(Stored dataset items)
Start of Block

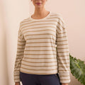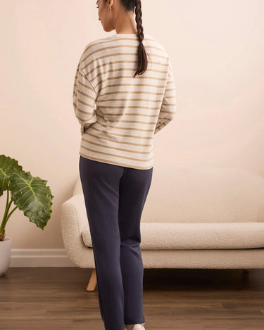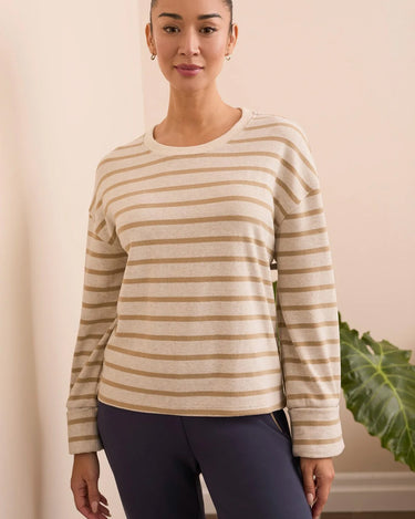 Step into ultimate comfort with this cozy brushed knit top, featuring a timeless striped pattern with a hint of nautical charm. The ultra-soft fabric makes it a perfect everyday favorite, while a classic crew neckline and cuffed sleeves complete the look with effortless ease.
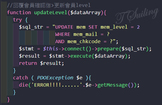 (3) 當收到確認信並點選連結回網站後, 在 login.php 進行會員身份等級的改變
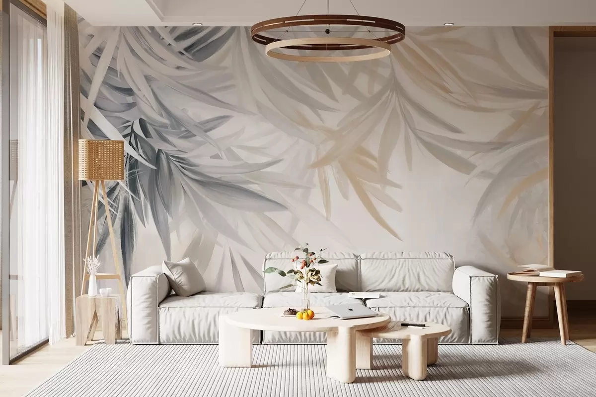 zidne murale Mekano, tekuće svijetlo tropsko lišće u nijansama sive i breskve, stapa se u blijed, neutralan otisak w08703
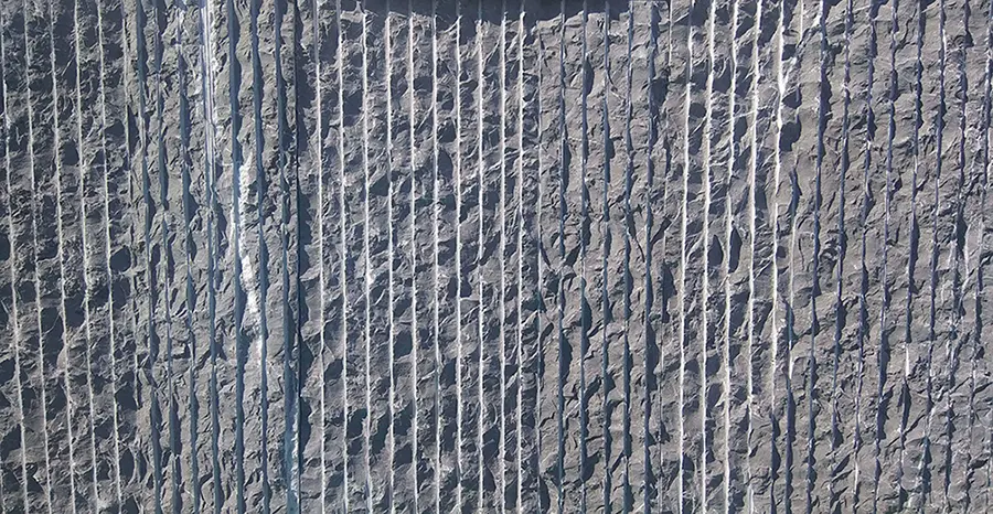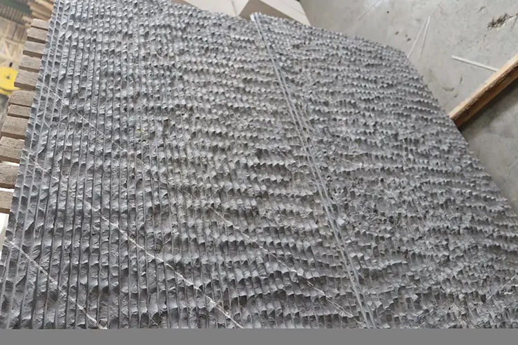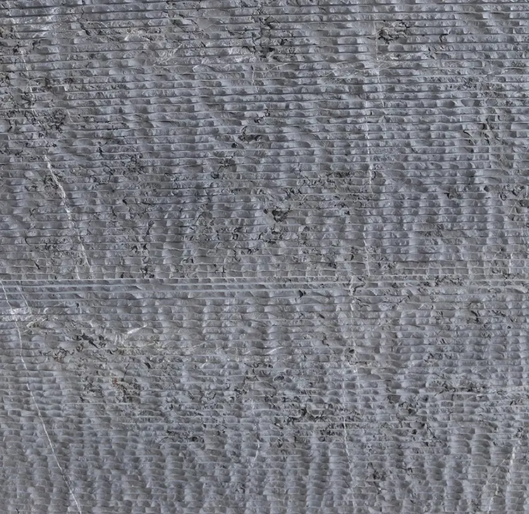 Pietra Grey Marble with a cut broken finish blends modern precision with rustic character. This finish involves machine-cut parallel grooves followed by hand-breaking the space between the grooves. The result is a surface with a dynamic, fractured texture that retains the marble’s natural appeal while adding visual interest and depth—perfect for facades and bold interior design.
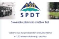 sobota, 16. november 2024, ob 9. uri, ogledov: 509 Vabilo | Premiera dokumentarnega filma o 120-letnici SPD TrstPlaninska kultura | | Slovensko planinsko društvo Trst | | | Objavil(a): Matej Ogorevc | | Vabimo na premierno predstavitev dokumentarnega filma, ki odkriva burno in aktivno 120-letno zgodovino Slovenskega planinskega društva Trst. Dogodek bo, ob glasbeni popestritvi, potekal v sredo 20. novembra 2024 v Narodnem domu v Trstu. |  |
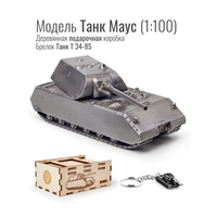 Упаковка - деревянная коробка; Модель Танка Маус масштаб 1/100; Брелок Танк Т 34-85

End of Block

- [Work instructions]
Look above for the line with "(3) 當收到確認信並點選連結回網站後, 在 login.php 進行會員身份等級的改變"; quote it and every line after it, stopping after the line with "Pietra Grey Marble", exactly, with nothing added and without pictures.

- [Reply]
 (3) 當收到確認信並點選連結回網站後, 在 login.php 進行會員身份等級的改變
 zidne murale Mekano, tekuće svijetlo tropsko lišće u nijansama sive i breskve, stapa se u blijed, neutralan otisak w08703
 Pietra Grey Marble with a cut broken finish blends modern precision with rustic character. This finish involves machine-cut parallel grooves followed by hand-breaking the space between the grooves. The result is a surface with a dynamic, fractured texture that retains the marble’s natural appeal while adding visual interest and depth—perfect for facades and bold interior design.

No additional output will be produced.